▸ Exercise data
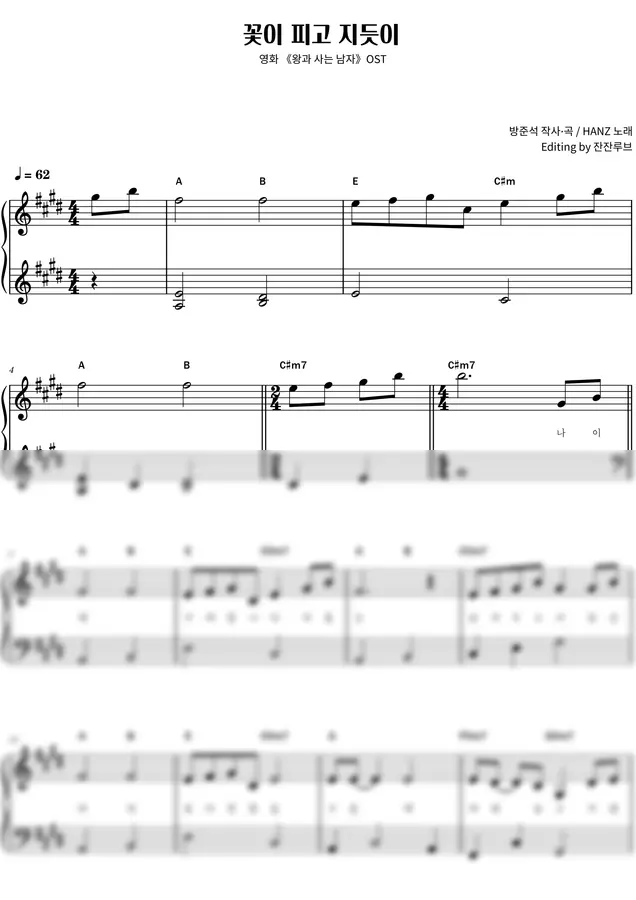 이번 악보는 [HANZ 님의 ‘꽃이 피고 지듯이’] 초급 버전 입니다 🎹
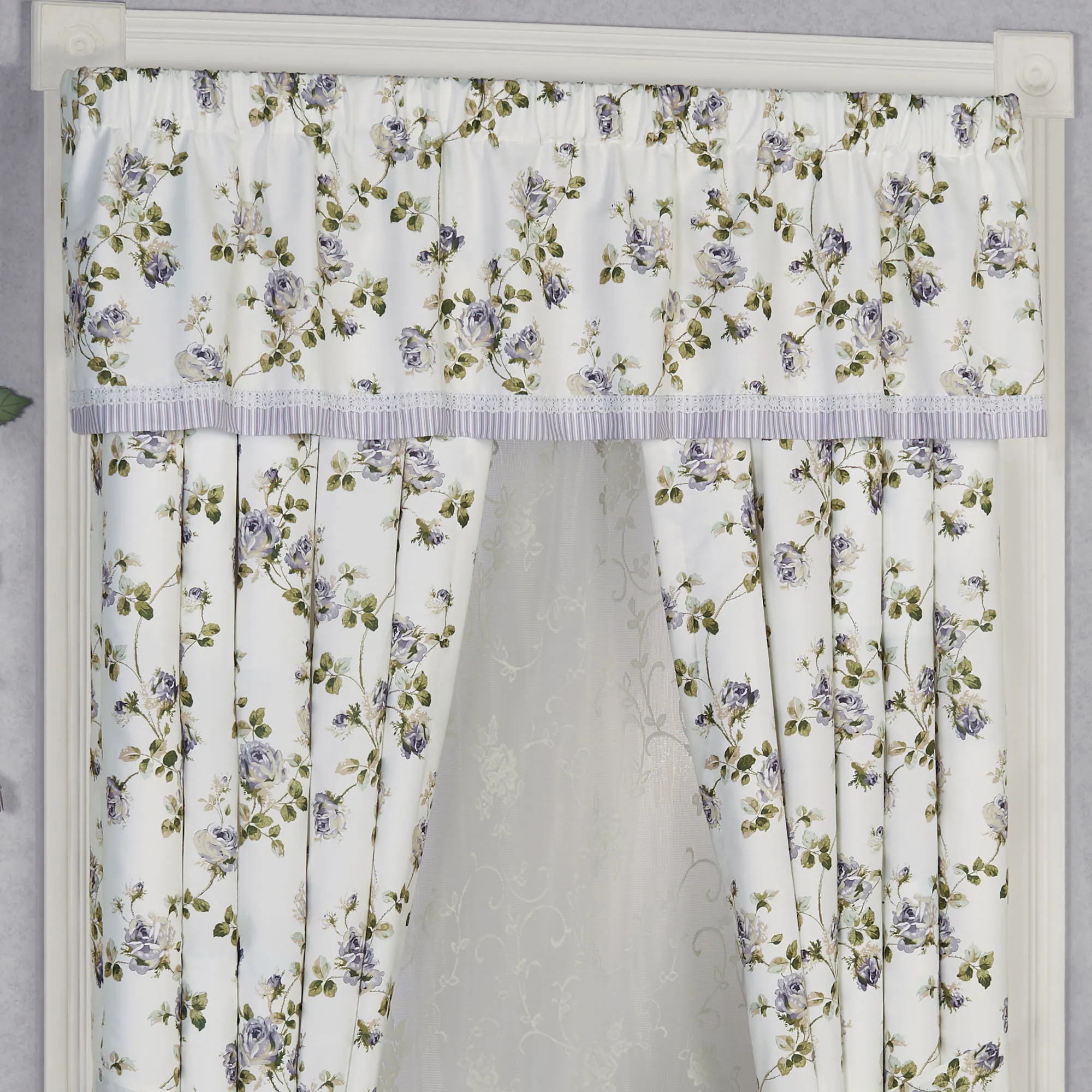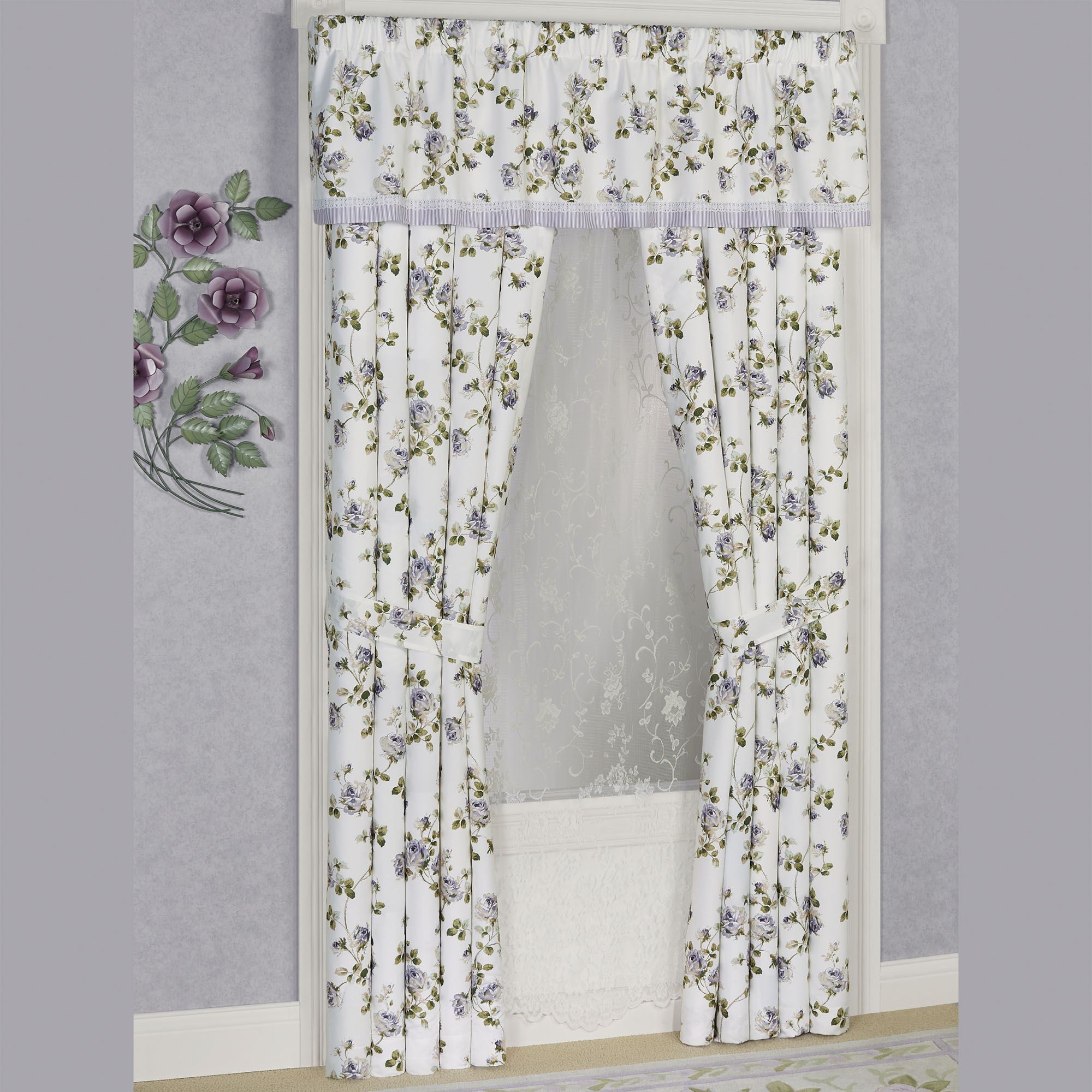 Sweet romance blossoms with beautiful roses on the charming Rosalyn Floral Window Treatment. This cottage-inspired, polyester microfiber ensemble features a printed vining rose design in shades of wisteria and sage on light almond. Window treatment has 3" rod pockets. Specify Tailored Valance or Curtain Pair. The lined Tailored Valance has stripes and crochet lace along the bottom. Tailored, lined Curtains include tiebacks. Machine washable. Imported. The curtain pair width is the total width of two panels together.
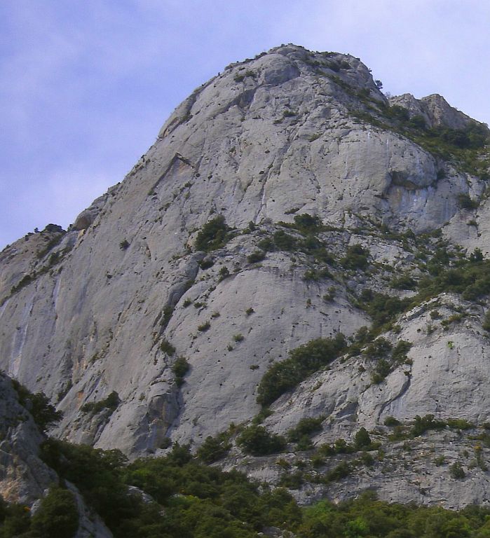 Great limestone rock, nice climbing cliff, wonderful view on snowy Pyrenees
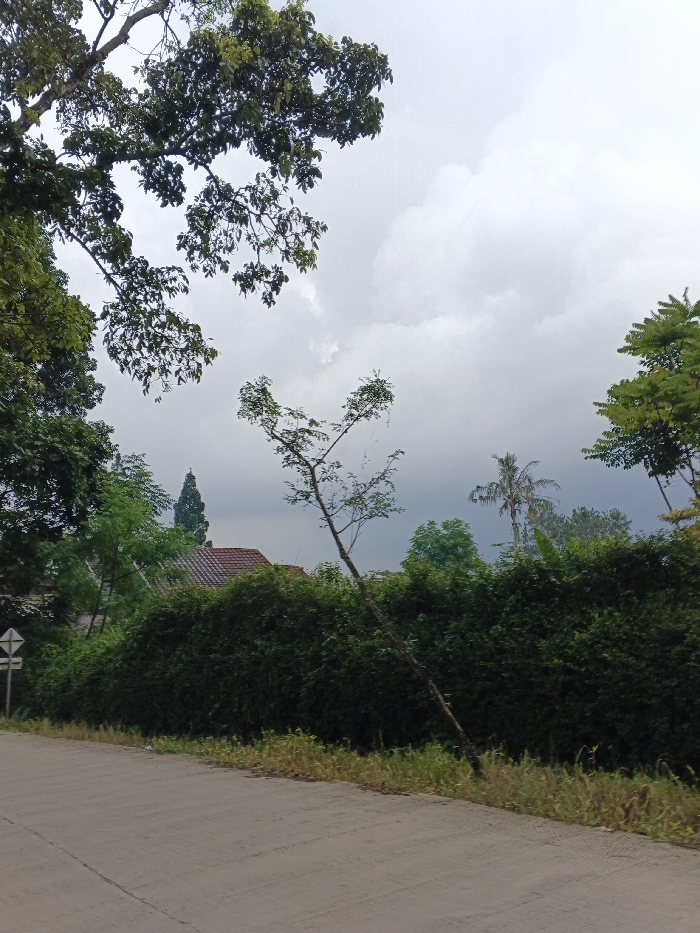 This image depicts an outdoor environment in Vang Vieng, Laos, under a heavily overcast sky with varying shades of grey clouds. A light grey paved road or path occupies the lower-left to mid-right foreground. Adjacent to the road's right edge, a strip of dry, sparse green and yellow vegetation is visible. A dense, dark green hedge, approximately chest-height, extends horizontally across the mid-ground, acting as a visual barrier. Behind the hedge, on the left side, the red-tiled roof of a building is partially visible, topped by a tall, slender evergreen tree with a pointed apex. Towards the right side, behind the hedge, a distinct palm tree with frond-like leaves stands out, accompanied by other green foliage. A thin, sparsely-leafed tree with a diagonal trunk, leaning to the right, is positioned in the mid-left foreground, with faint, thread-like material visible hanging from its branches. Large, dark green tree branches with dense foliage frame the upper-left quadrant of the sky. In the far lower-left, a white, pole-mounted sign with two horizontal bars is partially visible on the roadside. No people, subjects, or actions are present.

▸ Description of the task
Your response must consist of the lines from the beginning of the data through the line containing "Great limestone rock, nice", transcribed exactly, with no pictures.

▸ Response to the task
 이번 악보는 [HANZ 님의 ‘꽃이 피고 지듯이’] 초급 버전 입니다 🎹
 Sweet romance blossoms with beautiful roses on the charming Rosalyn Floral Window Treatment. This cottage-inspired, polyester microfiber ensemble features a printed vining rose design in shades of wisteria and sage on light almond. Window treatment has 3" rod pockets. Specify Tailored Valance or Curtain Pair. The lined Tailored Valance has stripes and crochet lace along the bottom. Tailored, lined Curtains include tiebacks. Machine washable. Imported. The curtain pair width is the total width of two panels together.
 Great limestone rock, nice climbing cliff, wonderful view on snowy Pyrenees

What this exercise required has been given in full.